Edwards, a Democrat who is up for reelection next year, has previously voiced his opposition to the controversial Trump administration policy of separating families who cross the border illegally.

Edwards previously had publicly condemned the Trump administration's policy, which prompted a national uproar. He had not previously revealed his personal contact with the White House about it, though.

"It just tears your heart out because you know it's unnecessary," Edwards said in June of images of crying children in make-shift shelters and cages. "We understand the need to secure borders and make sure criminals are not coming in, but those children are not criminals, they're not terrorists."

President Donald Trump signed an executive order in June retreating from the policy, but recent reports have suggested that separations have continued.

The America profile of Edwards offers a peek into the governor's Catholic faith and the fine-line he walks being a Democrat who is against abortion rights and supports gun rights.

"I don’t like the labels because I don’t think that they’re accurate. I don’t like being pigeonholed," Edwards says in the profile, which is the inaugural story of a proposed annual feature for America. "There are people who say, ‘You’re pro-life on abortion, so that makes you conservative, but you’re for the Medicaid expansion.
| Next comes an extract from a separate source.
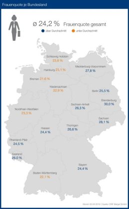 Die Frauenquote in Führungspositionen liegt aktuell bei 24,2 Prozent. Dies zeigt eine aktuelle Auswertung des Informationsdienstleisters CRIFBÜRGEL von 1,2 Millionen Führungspositionen in deutschen Unternehmen. CRIFBÜRGEL hat die Aussagen von Ministerin Franziska Giffey zur geplanten Gesetzesnovelle zur Durchsetzung von Frauenquoten in Unternehmensgremien zum Anlass der Analyse genommen. In der Novelle soll es eine Sanktion für Unternehmen […]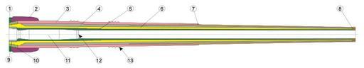 Keywords: BL 15 inch Mk I naval gun in section.svg BL 15 inch Mk I naval gun in section 1 - breech frame; 2 - breech ring; 3 - jacket; 4 - wire; 5 - inner A tube; 6 - A tube; 7 - B tube; 8 - stop ring; 9 - breech bush; 10 - shrunk collar; 11 - chamber; 12 - start of rifling; 13 - collars for fitting in cradle ru Раз ез б итанского 381 мм мо ского о удия а к 1 1 - амка затво а; 2 - казённик; 3 - кожух ствола; 4 - п оволочная намотка; 5 - внут енняя т уба A; 6 - т уба A; 7 - внешняя т уба B; 8 - стопо ное кольцо; 9 - по шневое гнездо; 10 - муфта; 11 - за ядная камо а; 12 - начало на езки; 13 - кольцевые выступы для соединения с салазками станка 381mm kanón BL Mk I v řezu 1 - rám závěru; 2 - prstenec závěru; 3 - plášť; 4 - drát; 5 - vývrt hlavně; 6 - válec A; 7 - válec B; 8 - dorazový kroužek; 9 - pouzdro závěru; 10 - spoj; 11 - nábojová komora; 12 - začátek vývrtu; 13 - prstence pro uchycení v lafetě Own sas1975kr 2010-03-27 BL 15 inch Mk I naval gun Gun barrels BL 15 inch Mk I

That makes you liberal.’ But it’s the exact same Catholic Christian faith, at least as I understand it, that pushes me into both of those positions."

Through the profile, Edwards offers insight into growing up Catholic in Tangipahoa Parish and how it led him to West Point for college.

He also discusses his relationship with Republican President Donald Trump. Edwards has said in the past that Trump has called him his favorite Democrat, and the governor has been invited to multiple White House events since Trump took office. Edwards compared his treatment of Trump to how former Gov. Bobby Jindal, a Republican, treated Democratic President Barack Obama.

"[Jindal] was very gratuitous in his commentary about President Obama. And it was always taking on the president and not giving him the benefit of the doubt on anything," he said. "It’s not that I don’t ever disagree. I just don’t go out in public and blast the president, because I don’t think it would be helpful."

Edwards took office in January 2016 and is seeking re-election in 2019. Two Republicans, Baton Rouge businessman Eddie Rispone and U.S. Rep. Ralph Abraham of Alto, have announced plans to challenge him. Others could also get into the race.